The Washington State Capitol The states of Washington, Texas, Arizona, and Michigan have joined a growing list of states considering so-called "conscience clause" legislation, that would allow health care providers (including therapists) to refuse to treat specific types of clients based on the therapist's religious beliefs. Kansas governor Sam Brownback signed such bill into law in March, and a Kentucky bill was passed into law earlier this year through an override of the Governor's veto.

While some states have designed such bills specifically for health care settings, most of the recent conscience clause bills apply to all work settings that require state licensure or other involvement of state government. They use language very similar to that of the successful Kentucky bill:

"Government shall not substantially burden a person's freedom of religion. The right to act or refuse to act in a manner motivated by a sincerely held religious belief may not be substantially burdened unless the government proves by clear and convincing evidence that it has a compelling governmental interest in infringing the specific act or refusal to act and has used the least restrictive means to further that interest. A 'burden' shall include indirect burdens such as withholding benefits, assessing penalties, or an exclusion from programs or access to facilities."
As I mentioned in my earlier discussion of the Kentucky law, such language in any state would make it exceedingly difficult for marriage and family therapy graduate programs (if they receive state funding) to discipline or expel students who plainly state their intent to discriminate when providing therapy services. It would also mean that state licensure boards would have a high burden when attempting to discipline the license of a therapist who was discriminatory in their practice.
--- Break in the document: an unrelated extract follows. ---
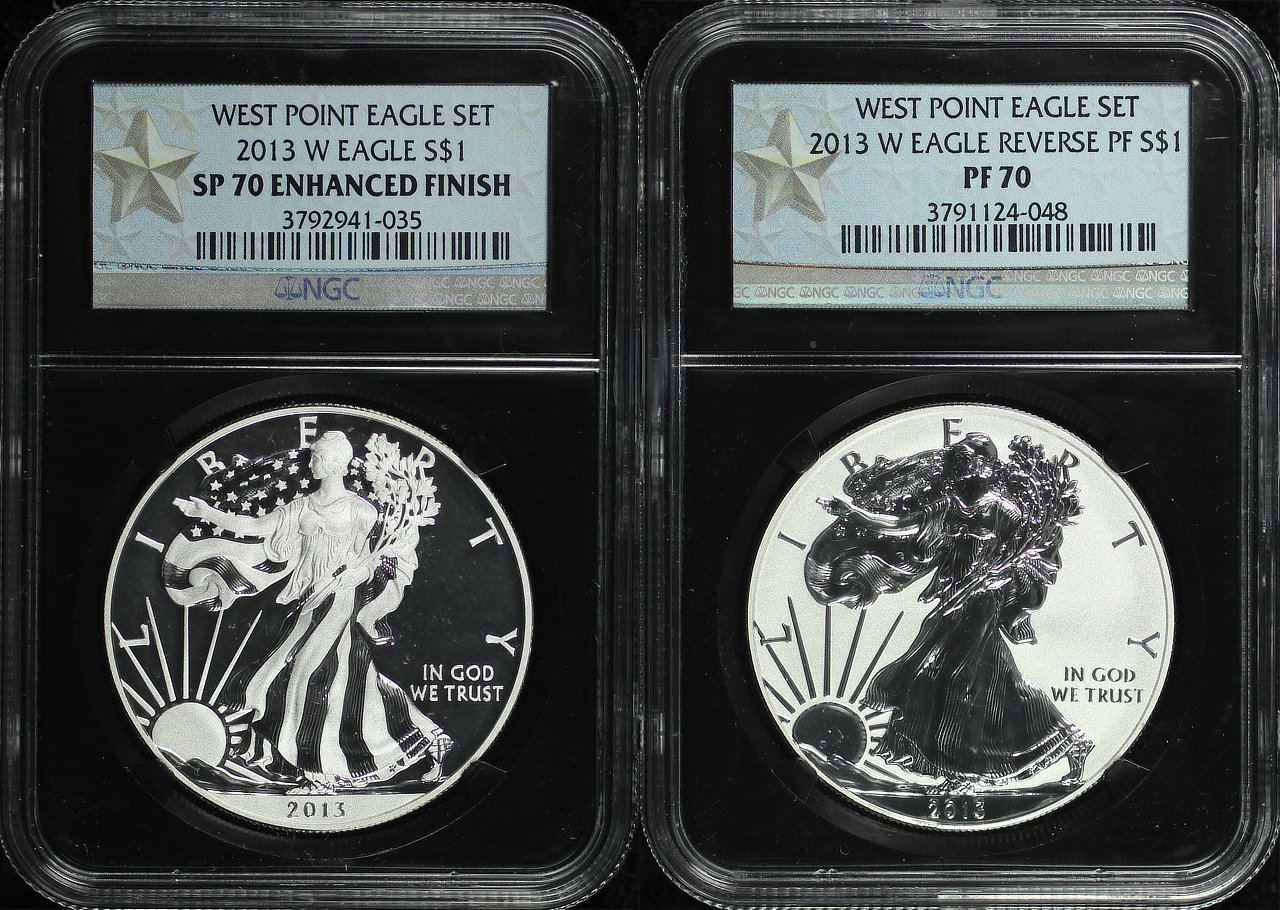 2013-W American Silver Eagle West Point Eagle Set NGC SP-70 Enhanced Finish & PF-70 Reverse Proof.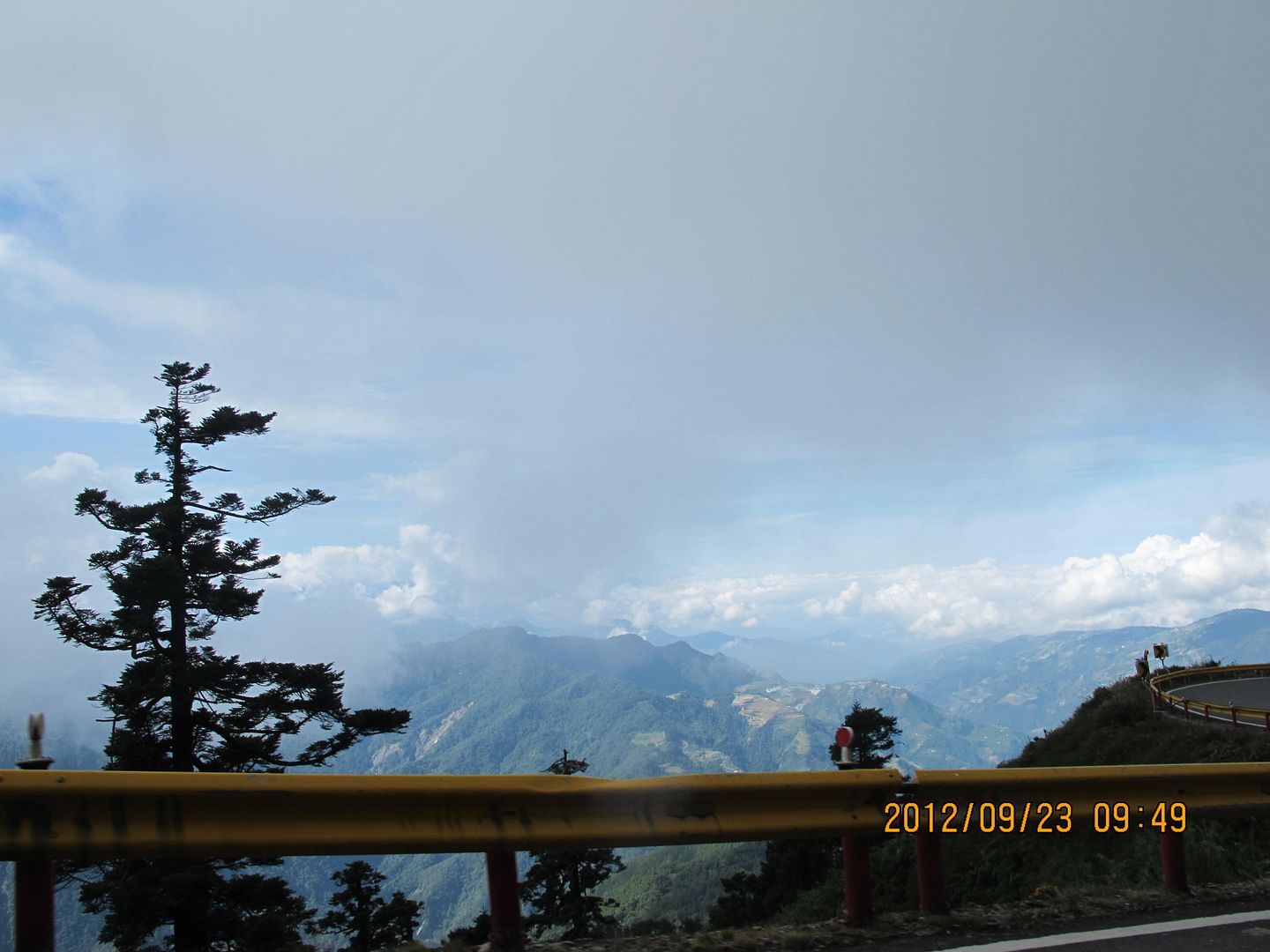 標高 1700 ~ 1400 公尺的路上有霧。

While written to protect religious freedom in broad terms, it can be argued that these laws are emerging with a more specific, if not directly spoken, purpose in mind: to allow religious business owners and health care providers to freely discriminate against gay and lesbian clients. That has certainly been a concern with the Kentucky religious freedom law. The Washington law, meanwhile, arose in response to a consumer protection lawsuit that the state's Attorney General filed against a florist who had refused to provide flowers for a gay couple's wedding (same-sex marriage is legal in Washington). The lawsuit argued that the florist, who cited religion in refusing to serve the couple, was illegally discriminating on the basis of sexual orientation.
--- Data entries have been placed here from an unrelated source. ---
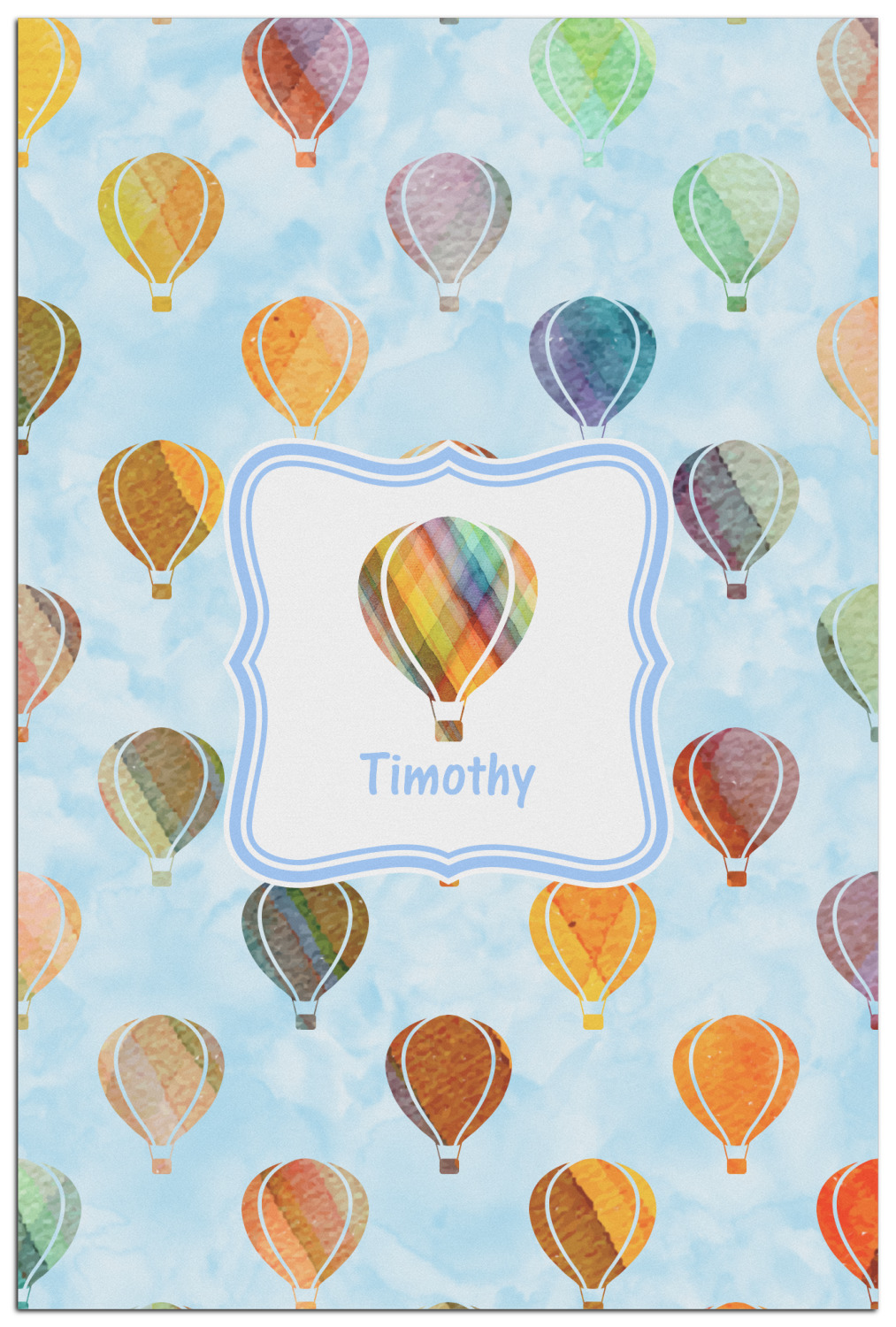 We chose to personalize it with a decorative square label and our graphics & text style. We chose to use a hot air balloon as our graphic from our transportation collection and used a name for personalization. We chose baby blue for our color to coordinate with the sky.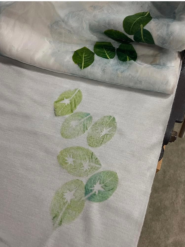 生葉染めでは、葉っぱと布を直接プレスし、葉っぱの中にあるインディゴ以外の物質をそのまま全て付着させています。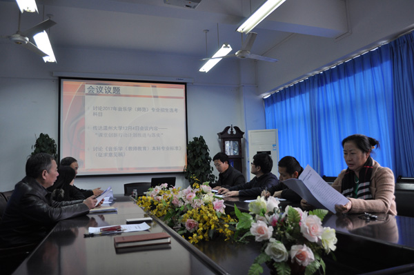 会议主要讨论了2017年音乐学(师范)专业招生选考科目事宜。省教育厅提出了“3+X”模式。经过权衡,会议以为,我院的招考对象要参加人文、历史等相关科目的考试,这有利于我们对学生的培养。并初步确定,除语文、数学、外语这三门必考科目外,要报考温州大学音乐学(师范)专业,需要考以下三门学科之一:政治思想、历史、技术。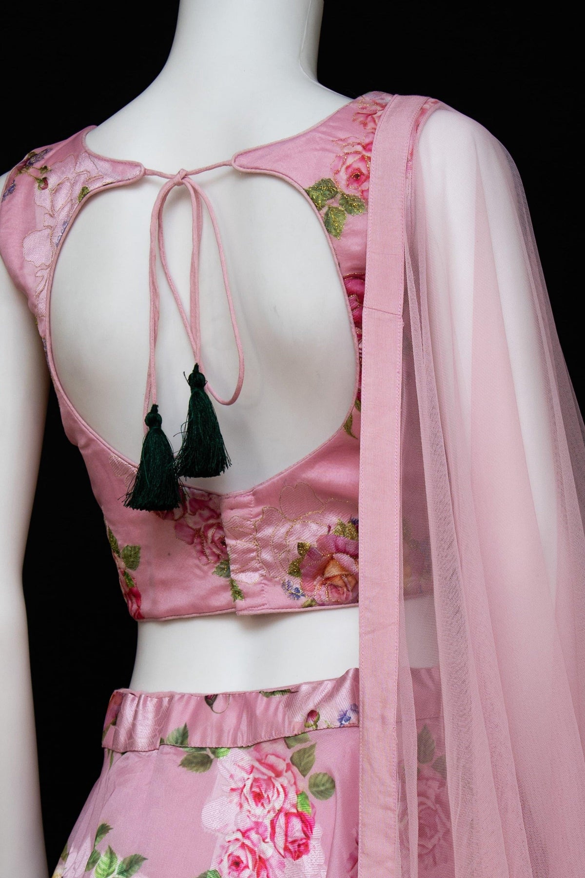 Keep it classy with this Pink Organza Silk Lehenga Choli. The lehenga features beautiful floral patterns, adding a bold yet feminine touch to the ensemble. The complimenting blouse showcases light and delicate floral embroidery for a sophisticated appeal. Completing the Lehenga Choli Set is the pink net dupatta. This lehenga choli set is perfect for weddings, parties, or any special occasion where you want to turn heads with its understated floral elegance.

The text of the proposed conscience clause legislation in Washington makes the target of the law clear once you know what the bolded language here means (emphasis added):

Nothing in this section may burden a person or religious organization's freedom of religion including, but not limited to, the right of an individual or entity to deny services if providing those goods or services would be contrary to the individual's or entity owner's sincerely held religious beliefs, philosophical beliefs, or matters of conscience. This subsection does not apply to the denial of services to individuals recognized as a protected class under federal law applicable to the state as of the effective date of this section. The right to act or refuse to act in a manner motivated by a sincerely held religious belief, philosophical belief, or matter of conscience may not be burdened unless the government proves that it has a compelling governmental interest in infringing the specific act or refusal to act and has used the least restrictive means to further that interest.
Federal law currently prohibits discrimination against a variety of protected classes. Discrimination based on race, gender, disability, or nationality is prohibited under federal law, for example. But gays and lesbians are not a protected class in federal law. So the main impact of this bill would be to allow discrimination, based on religious belief or matters of conscience, against gay and lesbian clients.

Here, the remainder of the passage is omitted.